Not envy mandarin duck not envy fairy, a line of code half a day

I personally don’t like this component because its code abuses me. Introduce a network function that Netty can easily implement, and have to cut NIO in the code, the code makes people look in the fog.

In addition, the expansion and reduction of Zookeeper once made my team suffer losses and lost a lot of data. If you use something bad, you will have a bad impression of it. Fortunately, it is old and I rarely use it.

1. What is ZooKeeper

ZooKeeper is a distributed coordination system that is widely used. It was originally a subproject of Hadoop and is currently a top-level project of the Apache Foundation. Common microservice frameworks such as SpringCloud and Dubbo can use Zookeeper as their registry.

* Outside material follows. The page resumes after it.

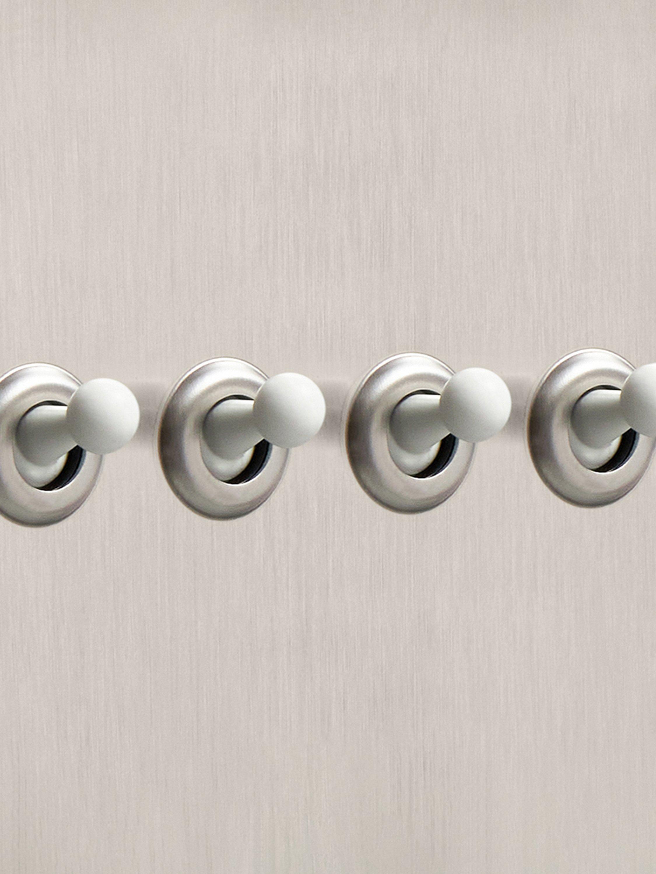 Finished in a sophisticated soft silver, this quadruple toggle switch by Dowsing & Reynolds brings a contemporary feel to classic functionality, perfect for managing complex lighting setups without disrupting your décor. The muted metallic tone pairs well with natural textures and cooler palettes, offering a hint of contrast without stealing focus. It’s especially well-suited to large multifunctional rooms where multiple lighting light sources need to be controlled from one light switch. Available with matching silver or contrasting white toggles.

In addition to being a registry, it has a wide range of usage scenarios, including naming services, distributed coordination/notification, elections, distributed locks, distributed queues, load balancing, configuration services, and more.

Since ZooKeeper talks about being a distributed system, it can’t do without CAP theory,

2. What is CAP theory

CAP theory refers to the importance of Consistency, Availability and Partition tolerance in a distributed system. Here are three concepts:

  • Consistency (C) : Whether the values are the same at the same time in different nodes or backups of a distributed system. For example, the master and slave nodes of MySQL may read different data on the slave and the host due to the time difference between the binlog replication.

  • Availability (A) : Whether the cluster can still respond to read/write requests from clients after some nodes fail.

  • Partition tolerance (P) : With a large number of partitions in a cluster, there are bound to be some issues with consistency and availability. In practical terms, partitioning is a time-bound requirement for communication. If the system cannot achieve data consistency within a certain period of time, it means that partitioning has occurred.

Distributed systems, since P is required, will mostly choose between C and A. ZooKeeper, on the other hand, is a distributed system with strong consistency and tends to CP.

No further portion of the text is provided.